MaidSafe is a private corporation, which is based in Scotland. Work on the SAFE network has been underway since 2006, and the company has attracted a growing network of users, also known as renters. MaidSafe offers secure storage, as well as the ability to access decentralized resources. When you upload a file to the SAFE network, your personal files are fragmented into tiny pieces, which are then distributed around the platform. As distribution is redundant, a system of nodes is used, and this increases both security and accessibility. If a node isn’t available online, the presence of countless other nodes will enable the user to access the different fragments and subsequently recover and piece together the file.

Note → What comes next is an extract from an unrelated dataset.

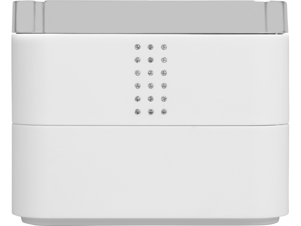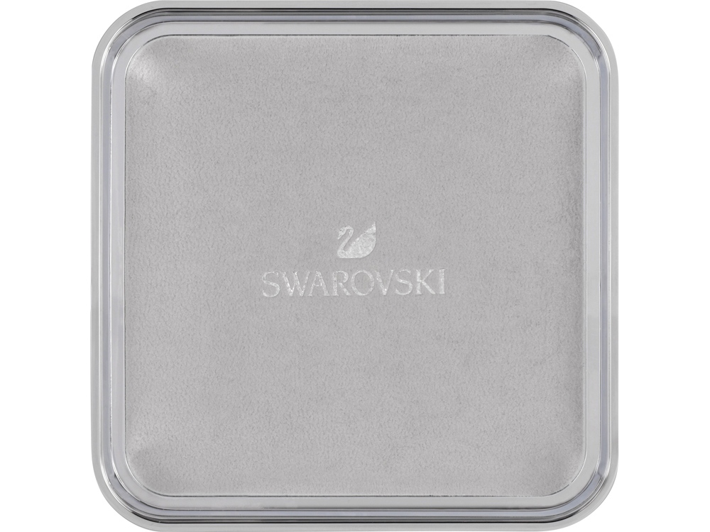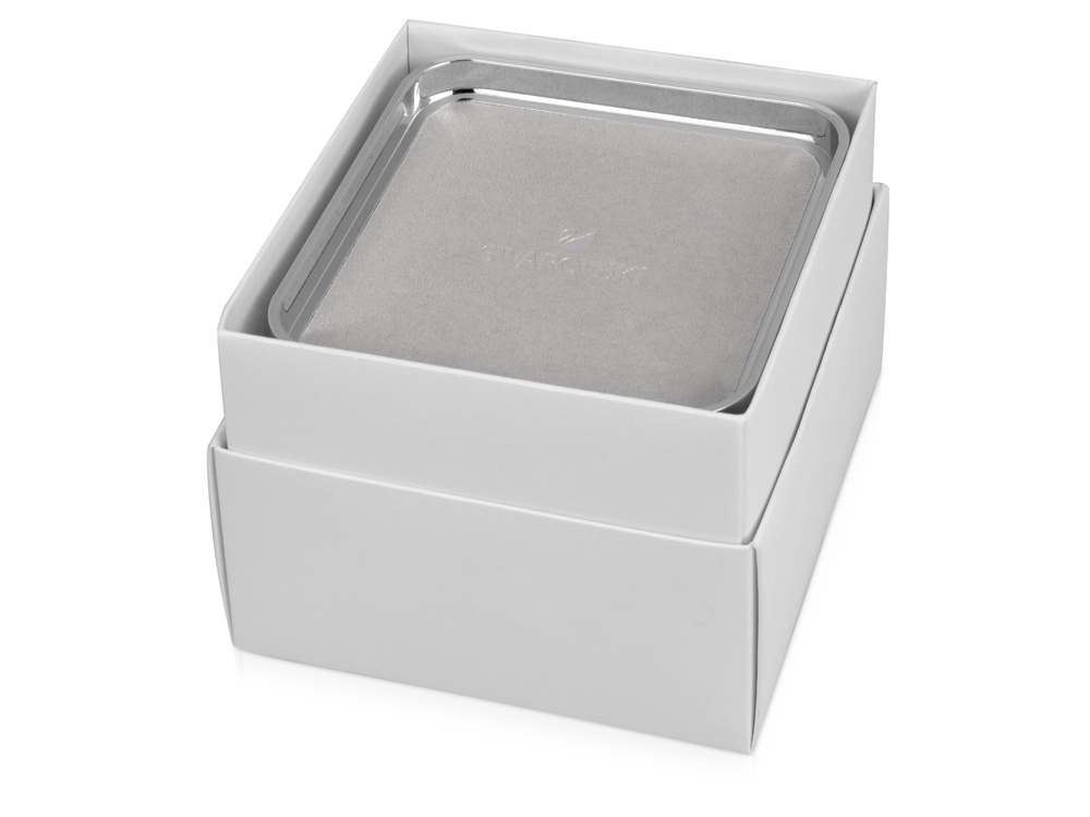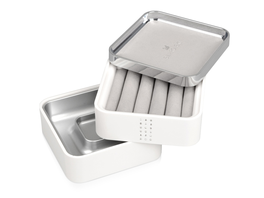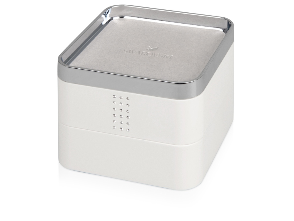 Этот нестандартный подарок не оставит равнодушной ни одну девушку. Шкатулка для хранения украшений от Swarovski® – это красивое сочетание блестящей хромированной крышки, восемнадцати сияющих кристаллов Swarovski® на передней стенке и нежного белого цвета. Необычна конструкция шкатулки – три секции сдвигаются вбок, зафиксированные на одной оси. При желании вы можете нанести на шкатулку свой логотип или надпись.

MaidSafe uses a currency known as Safecoins, which are not stored on a specific blockchain. Instead of making encrypted records on the blockchain, a different system is used to prevent double spending. The coins have a unique ID and transactions are supervised by managers, which form a group that replaces the blockchain. You can use your Safecoins to make purchases. The cost of storage and other resources is dependent upon demand and also, the availability of resources. The owners suggest that storage will be ‘significantly cheaper’ than centralized storage systems like Dropbox due to lower overheads.
Which option is best?
These platforms operate in a similar way, but there are differences. Storj is currently supported by the Ethereum blockchain and SIA has an independent blockchain. MaidSafe has no blockchain and instead, uses coins that carry a unique ID and a network of transaction managers. Storj has a more significant media profile and recent integration with FileZilla has made it even easier to set up. However, many users prefer the reliability of SIA, as contracted agreements protect both the provider and the renter. Going forward, you may well find that Storj considers the smart contract approach that is already used by Sia and MaidSafe. Predicting prices can be difficult, as demand changes and competition is constant, although there are no wildly different tariffs that would sway you from one to another based solely on price. SIA currently seems to be the most decentralized system, and already in production, while MaidSafe is still in alpha development phase. MaidSafe offers a more diverse range of uses, with access to Internet resources, but for storage purposes, it seems hard to look past SIA.
Are blockchains just a bubble and which blockchains will survive?
As with every noteworthy invention, there has been a fair bit of speculation related to the relevance and long-term value of blockchains and blockchain-based networks and storage systems. The difficulty is that if you read 10 articles on this subject, you would probably get ten different points of view.
It’s true to say that not every system has been successful, and many have tried and failed. It’s no secret that 90 percent of startups fail, and trying to get a new cryptocurrency or a cloud system or token-based network off the ground is no easier than launching a new recruitment agency, hair salon or accounting firm. Every business faces challenges, but you can’t deny the success of founding systems like Bitcoin.The evolution of cryptocurrencies and blockchains has opened up new opportunities, and these are changing the way we use the Internet. More and more people are investing in blockchain technology, and it’s offering Internet users access to resources and data storage options that are cheaper, faster and arguably, much more secure. By diversifying and catering to changing demands and preferences, platforms like Bitcoin, Storj, MaidSafe, and SIA are giving themselves the best chance of survival.